Tucked in amongst them all was Shearwater’s surgingly-beautiful ‘You As You Were’ – there wasn’t a better song to drive to released all year. Though guitar music didn’t feature too much in my playlists all year, Shearwater showed it still had its place, along with the surprisingly-good Maccabees single ‘Pelican’ and the joyous punk of Japandroids, who produced the shout-along anthem of the year in ‘The House That Heaven Built’.

But at the compilation’s conclusion, we return to the event that defined the year. The 2 Bears’ ‘Church’ was no Olympic anthem, but the album it came from was released in the first couple of weeks of 2012 and summed up much of the optimism that I had as it started, and it became a big favourite as the summer went on. And following on from Elbow’s ‘First Steps’, heard everywhere as the BBC’s specially-commissioned song for their own Olympic coverage, we end how we started, with Underworld. Like pretty much everyone else, the first time I heard ‘Caliban’s Dream’ was watching it on TV; the torch-lighting part of the opening ceremony was an extraordinarily well-kept secret, and the after-party that Nat and I attended was already well underway. It was a beautiful moment, the crowning glory of Danny Boyle’s vision, and while they were at it, it redefined Underworld as a band – I’ve never heard the ‘lager, lager, lager’ line thrown at them since. It’s also the one song that’s ever made cry just a little – hearing it the night after the ceremony, on the rush-released official soundtrack – was an emotional release after a rewarding but extremely exhausting three months where I, like thousands of others, were balancing rehearsals at the weekend with a full-time job and had barely a chance to stop and take stock. That leitmotif – used in ‘And I Will Kiss’, now reprised featuring a children’s choir – sort of came to represent us as volunteers, and it’s been brilliantly used in videos I’ve seen since made by some of the volunteers, which have been a wonderful souvenir of the day, and of the summer. And when 2012 came to a close, there really was no other song to play on New Year’s Eve.

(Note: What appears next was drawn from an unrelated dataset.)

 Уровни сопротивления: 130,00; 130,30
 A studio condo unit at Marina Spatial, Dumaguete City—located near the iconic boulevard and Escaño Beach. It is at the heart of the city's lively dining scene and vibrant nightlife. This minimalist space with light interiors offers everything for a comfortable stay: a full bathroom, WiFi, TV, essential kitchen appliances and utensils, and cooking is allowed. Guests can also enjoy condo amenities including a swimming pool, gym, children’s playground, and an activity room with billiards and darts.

Interestingly – maybe surprisingly to some – I’ve barely played it since the end of last year. In fact, only played my DVD of the ceremony for the first time a couple of weeks ago, in research for this blog… I kind of feel like it’s too perfect a memory for it to be disturbed too often.

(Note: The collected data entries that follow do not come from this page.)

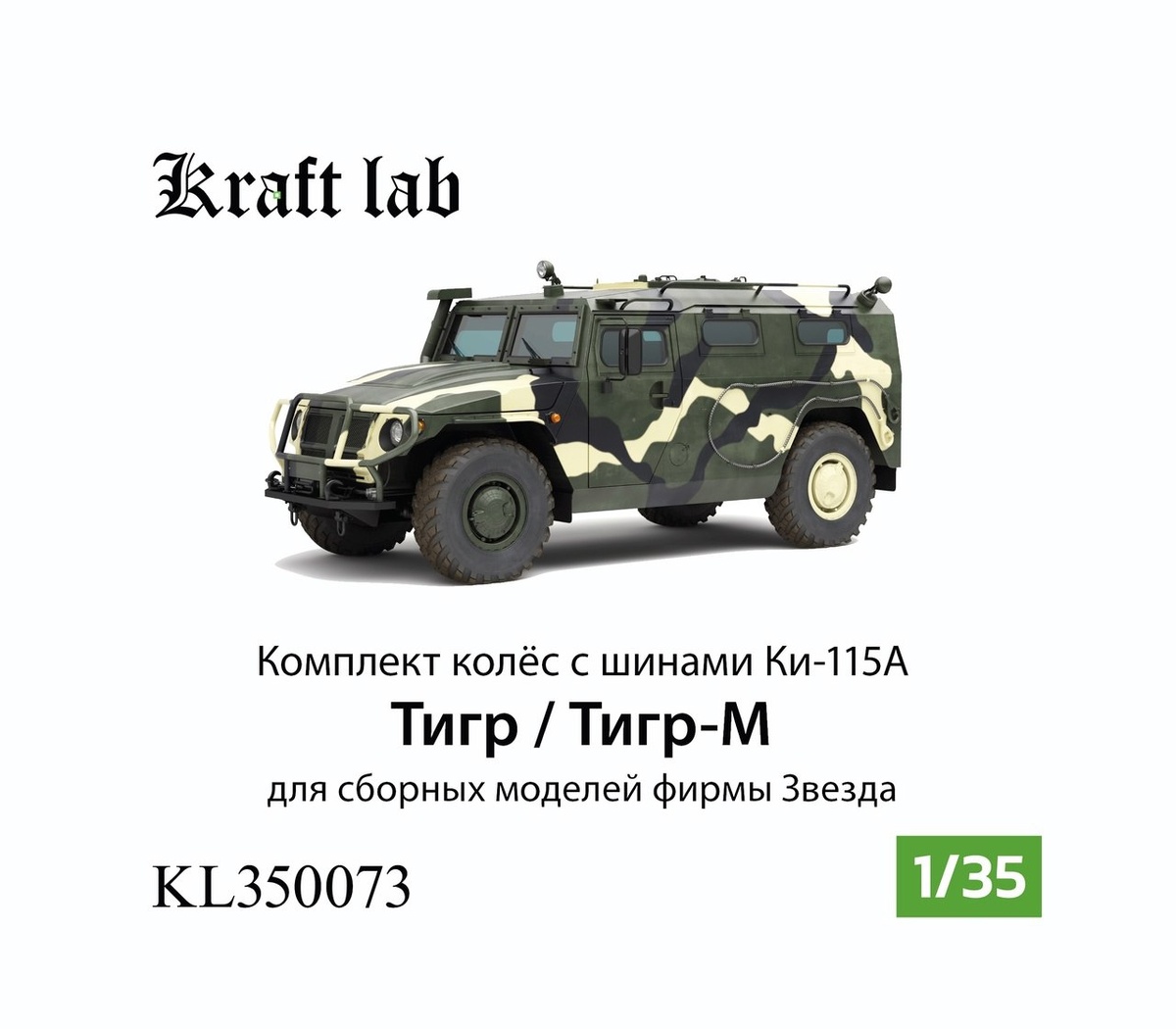 Kraft Lab из Калининграда выпустила на 3D-принтере набор колес с шинами Ки-115А для моделей бронеавтомобилей "Тигр" и "Тигр-М" в масштабе 1/35 от "Звезды".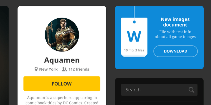 A cool and free user interface made in PSD format. It has charts, calendars, profile widgets, maps pins, blog post widgets, author badges, clock widgets and more. It is focused on video games, and the PSD files are totally editable and its layers organized. The set was created by Влад Камельский and it weighs about 162MB.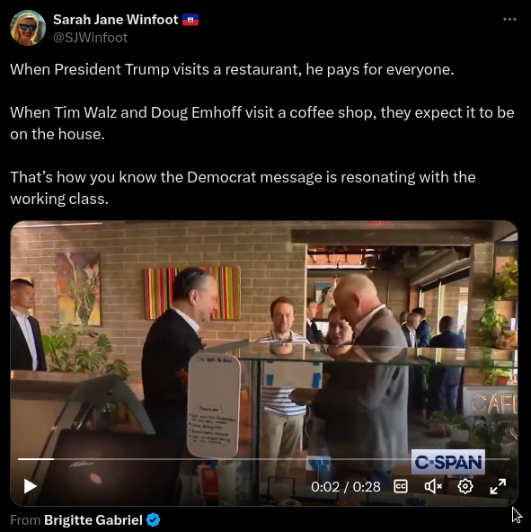 X Video Claims Tim Walz And Doug Emhoff Did Not Pay For Orders During Cafe Stop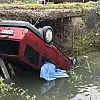 Dereye devrilen otomobildeki Murat Soyöz (57) ile eşi Gülizar Soyöz (54) boğuldu, komşuları Gülfidan Öncü (55) ağır yaralandı.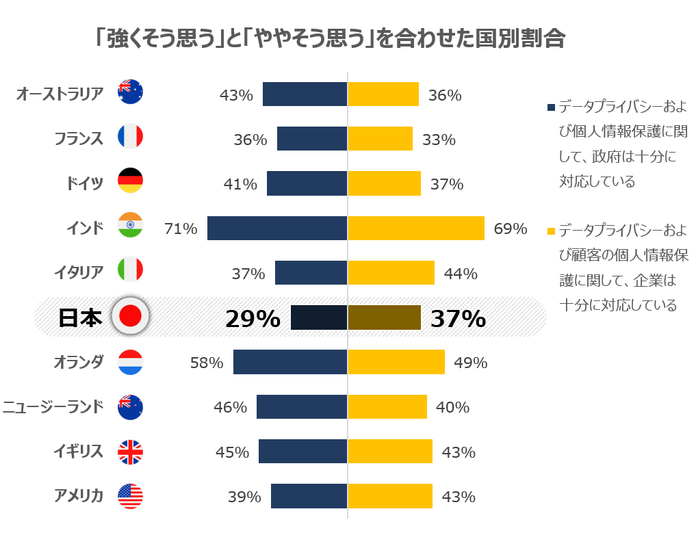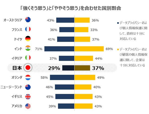 しかし「データプライバシーおよび個人情報保護に関して、政府は十分に対応している」29%と、やはり10か国中最下位で、政府に不満を持ちつつ対応できていないのが現状のようだ。

And that’s kind of the job that my soundtracks have done over the past 16 years – compartmentalise songs and the memories that go with it, keep a record and move on. It’s been nice to dust down those memories over the past year though – it’s healthy to do so once in a while – but there’s no point looking back too much when there’s so much more to discover in the here and now. It’s in that spirit that I’ll present the Soundtrack To 2013 later this week. Until then, thanks for popping by over the year – I’ve had a few thousand hits to the site from all over the world, far more than I ever expected. I know the memories have been personal but the music hasn’t, so I hope you’ve found something to enjoy along the way.